**EXERCISE PROMPT**
Retype the data that follows line by line, exactly, and leave its pictures out.

Saved data entries
Start of Block
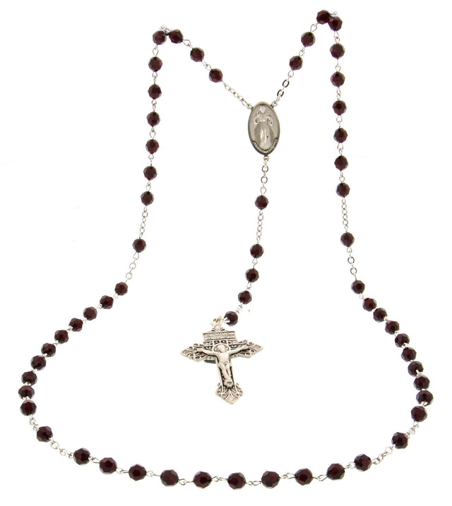 Garnet Swarovski Rosary with Pardon Crucifix - Garnet / 7mm is backordered and will ship as soon as it is back in stock.
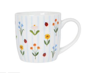 Soft, slow, picnic-perfect summer days inspire this bright and airy Hand Picked Porcelain mug. This gorgeous mug is a surefire conversation starter, because a good chat doesn't start over a salad. Hand-painted daisies and ladybugs flower and flit across a striped light blue and comforting cream surface in this design from the Hand Picked collection.
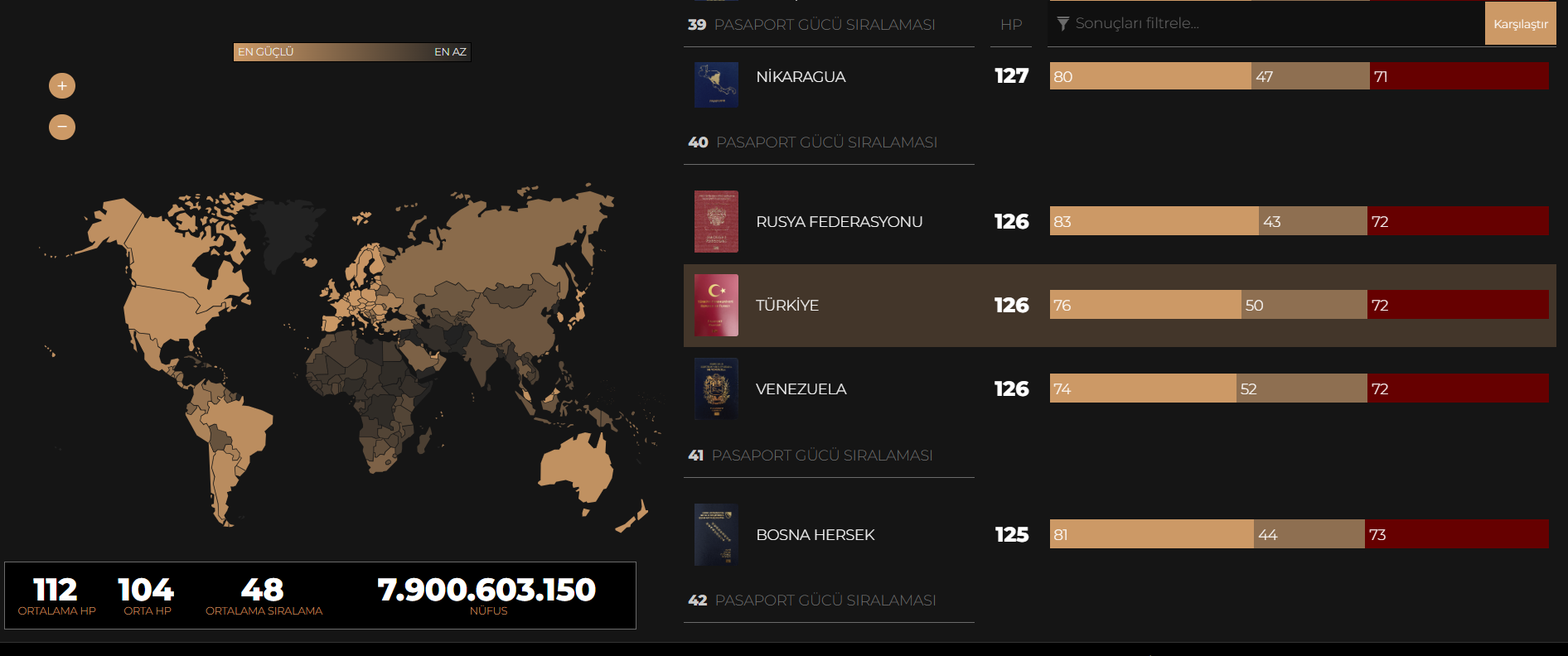 | Ülke | Vizesiz | Varışta Vize / e-Visa | Vize Gerekli | Toplam HP |
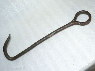 Title (ebay affiliate link): Primitive Cast Iron Hand Forged Meat Hook Gaff Butchering Farm Tool
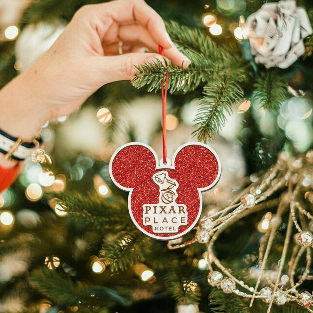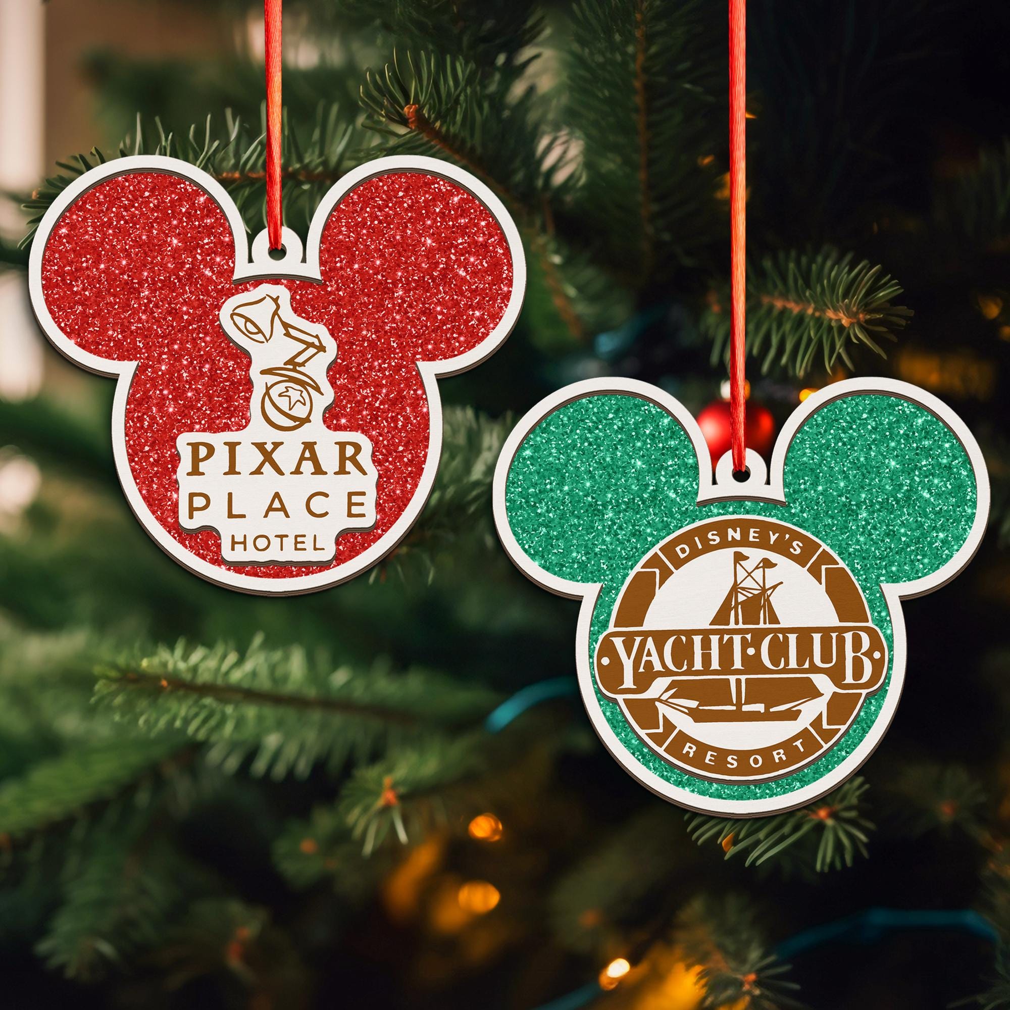 Add Disney resort magic to your tree with these glitter wood ornaments! Featuring Pixar Place Hotel and Yacht Club Resort designs inside a Mickey head — a stylish keepsake for Disney lovers and collectors.
End of Block
**YOUR SOLUTION**
 Garnet Swarovski Rosary with Pardon Crucifix - Garnet / 7mm is backordered and will ship as soon as it is back in stock.
 Soft, slow, picnic-perfect summer days inspire this bright and airy Hand Picked Porcelain mug. This gorgeous mug is a surefire conversation starter, because a good chat doesn't start over a salad. Hand-painted daisies and ladybugs flower and flit across a striped light blue and comforting cream surface in this design from the Hand Picked collection.
 | Ülke | Vizesiz | Varışta Vize / e-Visa | Vize Gerekli | Toplam HP |
 Title (ebay affiliate link): Primitive Cast Iron Hand Forged Meat Hook Gaff Butchering Farm Tool
 Add Disney resort magic to your tree with these glitter wood ornaments! Featuring Pixar Place Hotel and Yacht Club Resort designs inside a Mickey head — a stylish keepsake for Disney lovers and collectors.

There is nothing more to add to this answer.